» REQUIRED WORK: Restate, exactly as written, the entries below from the line that holds "Protesta shokuese/ Emigrantët" through the line that holds "Savour the bold, nut-rich". Pictures are not part of the copy.

» EXERCISE MATERIAL:
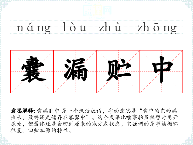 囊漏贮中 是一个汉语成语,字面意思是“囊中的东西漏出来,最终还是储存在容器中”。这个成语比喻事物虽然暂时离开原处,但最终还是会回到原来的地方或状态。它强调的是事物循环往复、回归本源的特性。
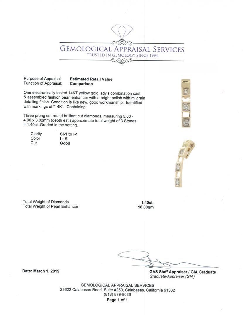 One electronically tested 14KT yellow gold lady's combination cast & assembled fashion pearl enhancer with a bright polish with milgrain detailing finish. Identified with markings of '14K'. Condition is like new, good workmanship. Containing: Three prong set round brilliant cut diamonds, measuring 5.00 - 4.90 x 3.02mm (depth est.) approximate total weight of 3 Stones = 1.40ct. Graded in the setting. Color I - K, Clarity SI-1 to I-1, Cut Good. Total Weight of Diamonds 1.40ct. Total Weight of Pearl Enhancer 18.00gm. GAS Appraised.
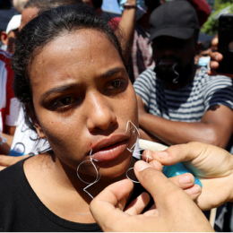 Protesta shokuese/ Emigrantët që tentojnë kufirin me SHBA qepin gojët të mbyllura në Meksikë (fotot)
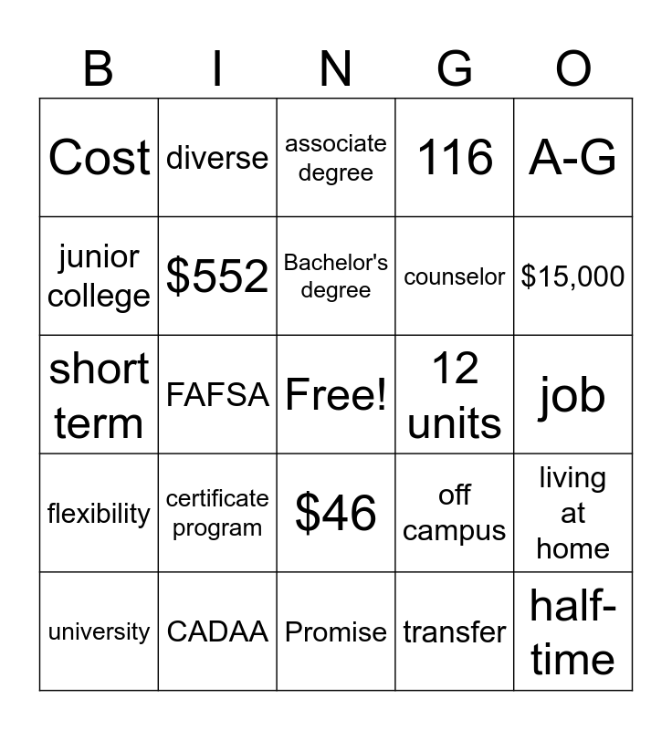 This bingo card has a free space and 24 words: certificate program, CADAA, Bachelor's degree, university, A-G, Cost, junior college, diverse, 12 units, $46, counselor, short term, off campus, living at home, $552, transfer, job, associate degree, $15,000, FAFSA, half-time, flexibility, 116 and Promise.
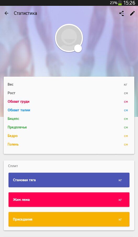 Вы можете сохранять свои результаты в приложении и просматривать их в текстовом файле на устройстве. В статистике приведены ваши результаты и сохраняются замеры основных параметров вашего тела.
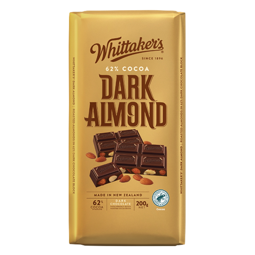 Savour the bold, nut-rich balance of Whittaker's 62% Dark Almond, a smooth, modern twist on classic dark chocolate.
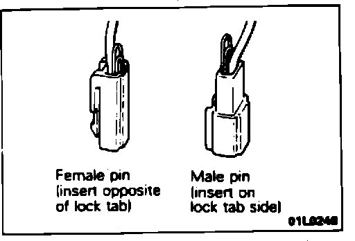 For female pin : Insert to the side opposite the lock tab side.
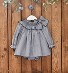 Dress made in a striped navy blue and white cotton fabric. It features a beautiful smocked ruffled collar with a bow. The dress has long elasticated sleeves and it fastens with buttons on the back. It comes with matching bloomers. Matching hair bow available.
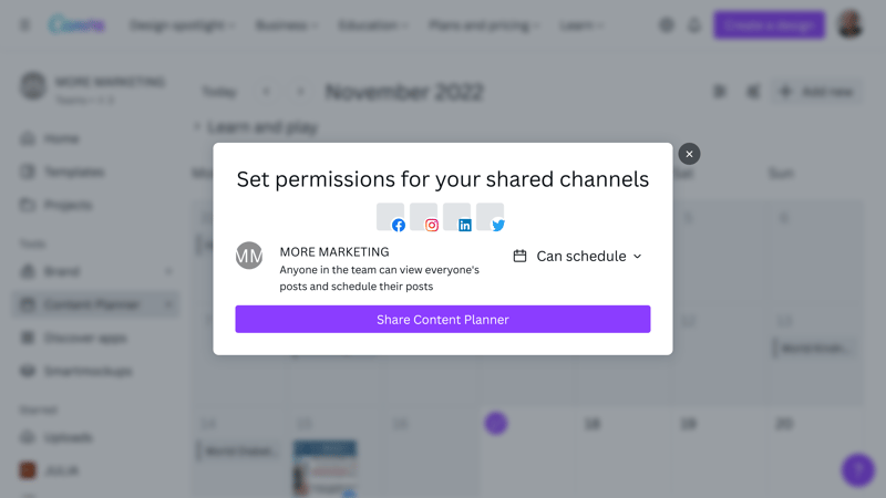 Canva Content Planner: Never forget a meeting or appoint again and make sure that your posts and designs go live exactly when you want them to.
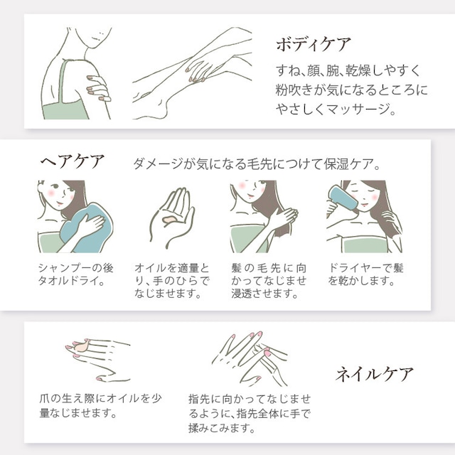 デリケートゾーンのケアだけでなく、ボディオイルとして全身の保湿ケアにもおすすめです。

» EXPECTED ANSWER:
 Protesta shokuese/ Emigrantët që tentojnë kufirin me SHBA qepin gojët të mbyllura në Meksikë (fotot)
 This bingo card has a free space and 24 words: certificate program, CADAA, Bachelor's degree, university, A-G, Cost, junior college, diverse, 12 units, $46, counselor, short term, off campus, living at home, $552, transfer, job, associate degree, $15,000, FAFSA, half-time, flexibility, 116 and Promise.
 Вы можете сохранять свои результаты в приложении и просматривать их в текстовом файле на устройстве. В статистике приведены ваши результаты и сохраняются замеры основных параметров вашего тела.
 Savour the bold, nut-rich balance of Whittaker's 62% Dark Almond, a smooth, modern twist on classic dark chocolate.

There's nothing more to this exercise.